* Task to carry out *
Copy out the data that comes next, character for character, and leave the images aside.

* Collected material *
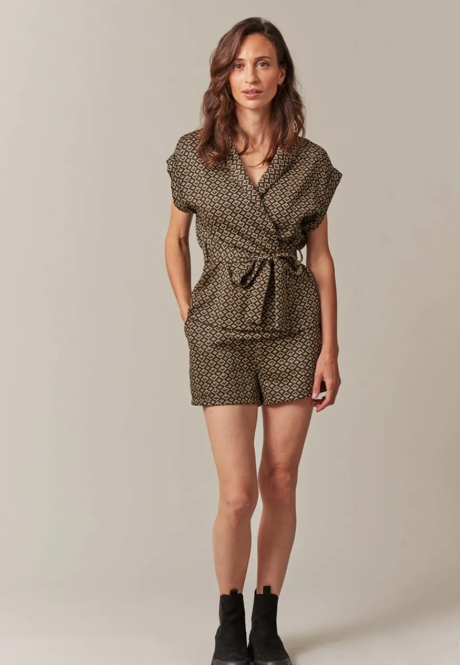 En vacances, associez cette combishort à motifs géométriques à des sandales et un sac en osier pour une allure estivale et détendue. Au travail, portez-la avec des bottines et un perfecto pour un look professionnel.
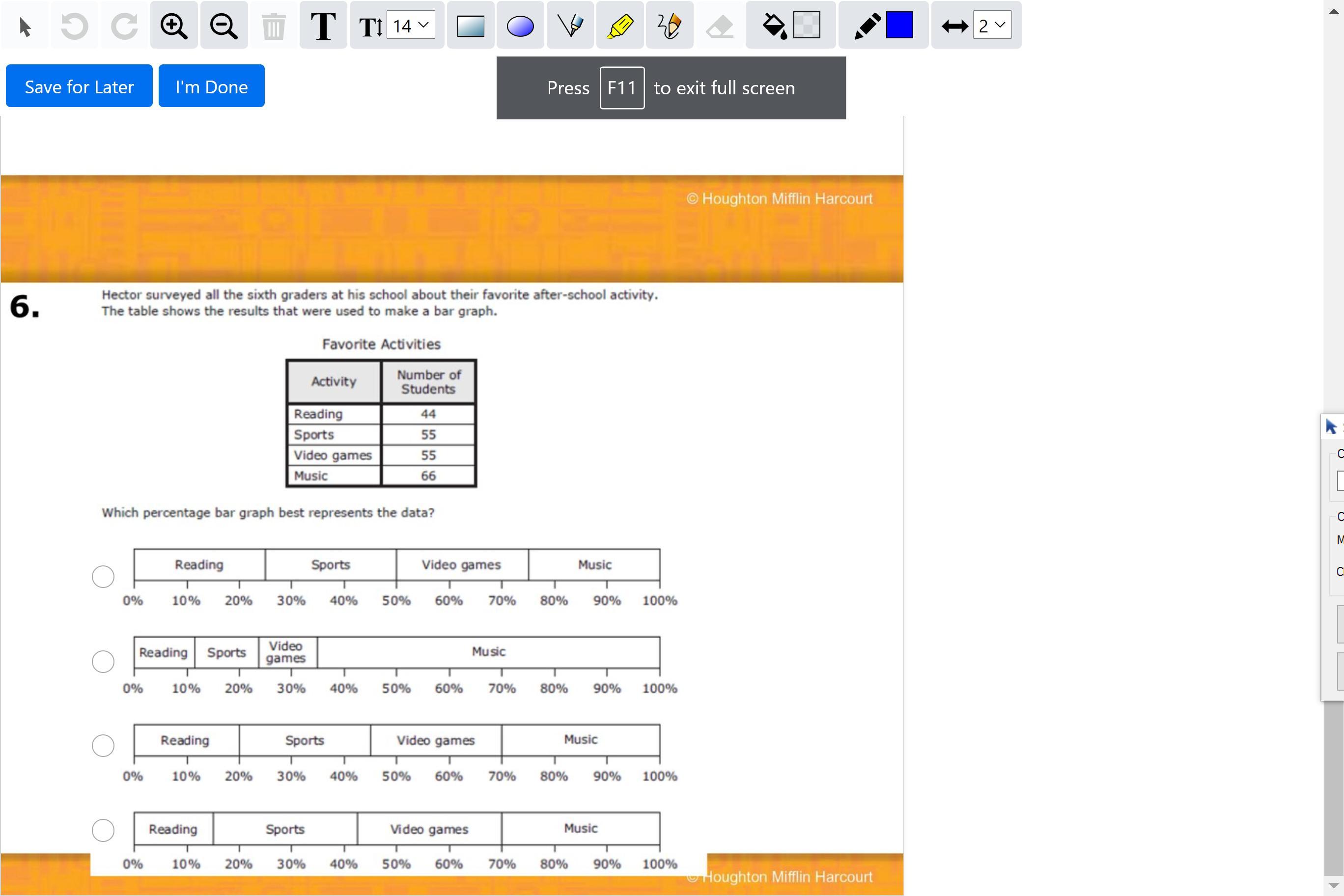 The total amount of students would be exactly - 220 students. So that means reading would be exactly 20% of the students, as of 40/220 = 0.2 = 20%. That means automaticially the third choice would be correct, but let's do more calculations to make sure- 55/220 = 25%, 66/220 = 30%. That means that our answer is in fact correct.
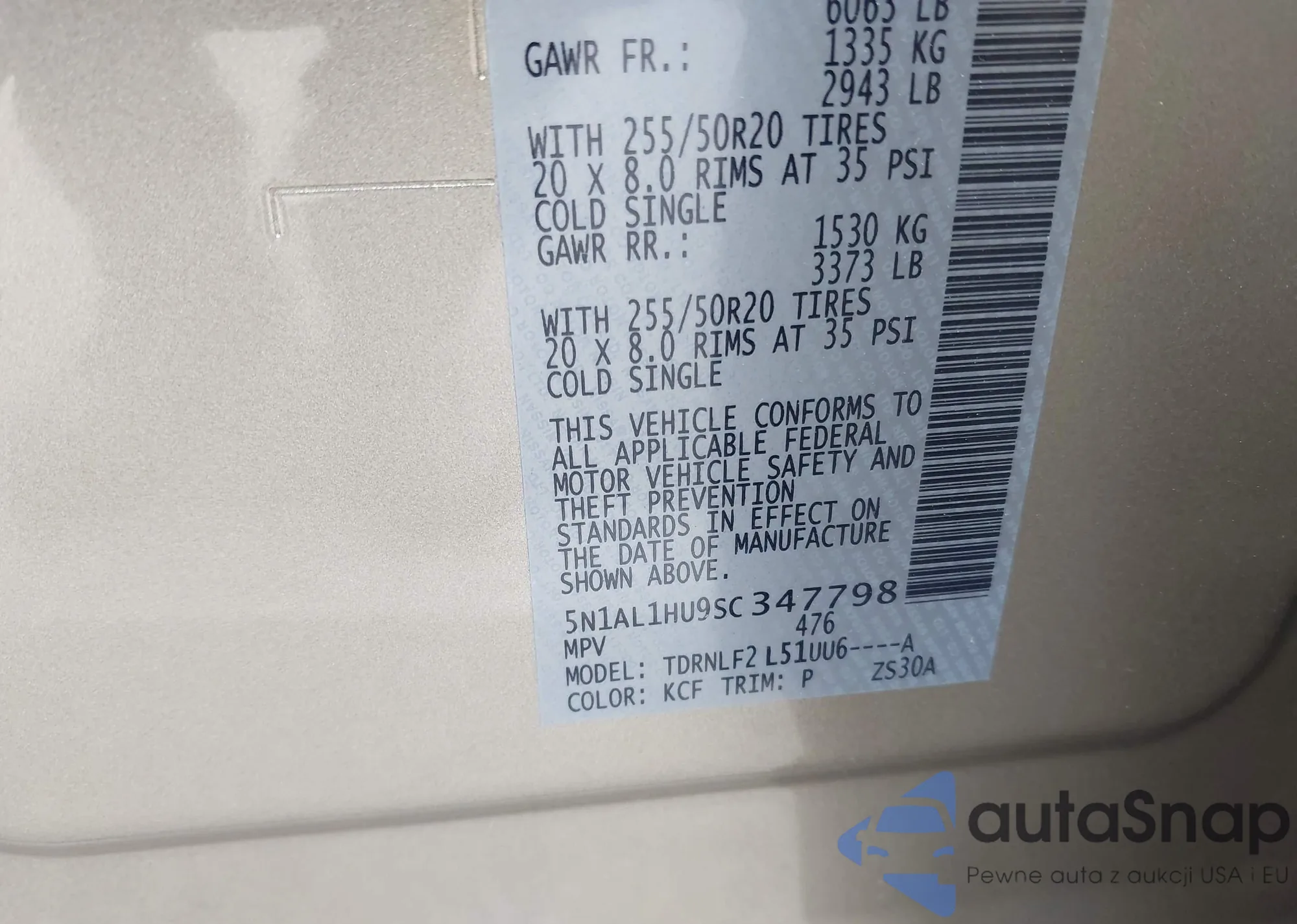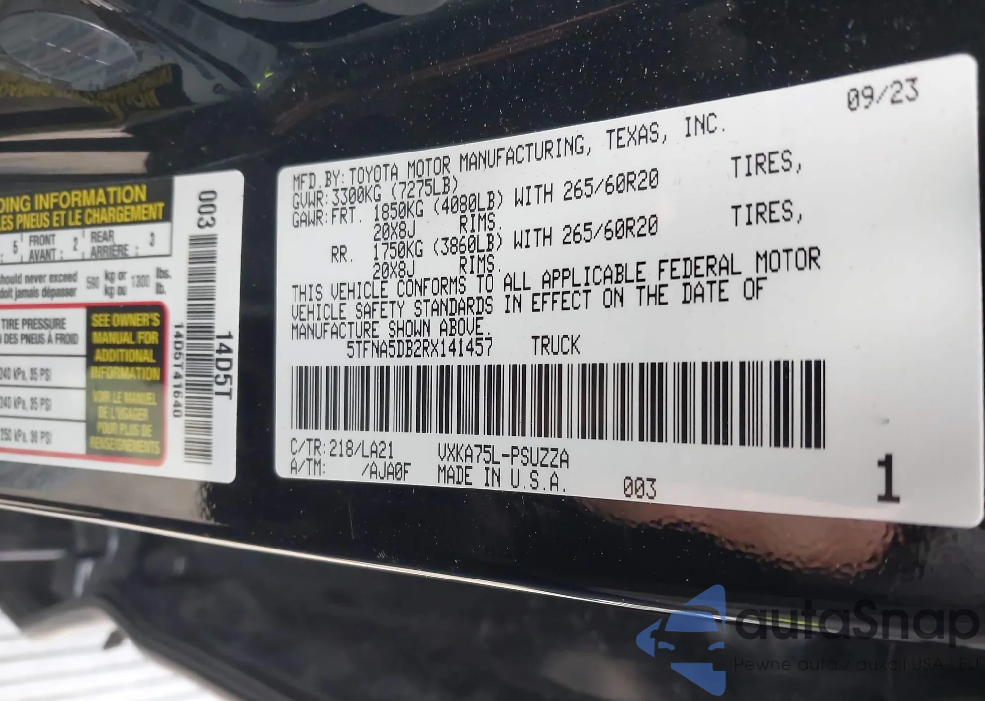 LOT: 41111945 VIN: 1FMSK8DH6PGC33797

* Exercise response *
 En vacances, associez cette combishort à motifs géométriques à des sandales et un sac en osier pour une allure estivale et détendue. Au travail, portez-la avec des bottines et un perfecto pour un look professionnel.
 The total amount of students would be exactly - 220 students. So that means reading would be exactly 20% of the students, as of 40/220 = 0.2 = 20%. That means automaticially the third choice would be correct, but let's do more calculations to make sure- 55/220 = 25%, 66/220 = 30%. That means that our answer is in fact correct.
 LOT: 41111945 VIN: 1FMSK8DH6PGC33797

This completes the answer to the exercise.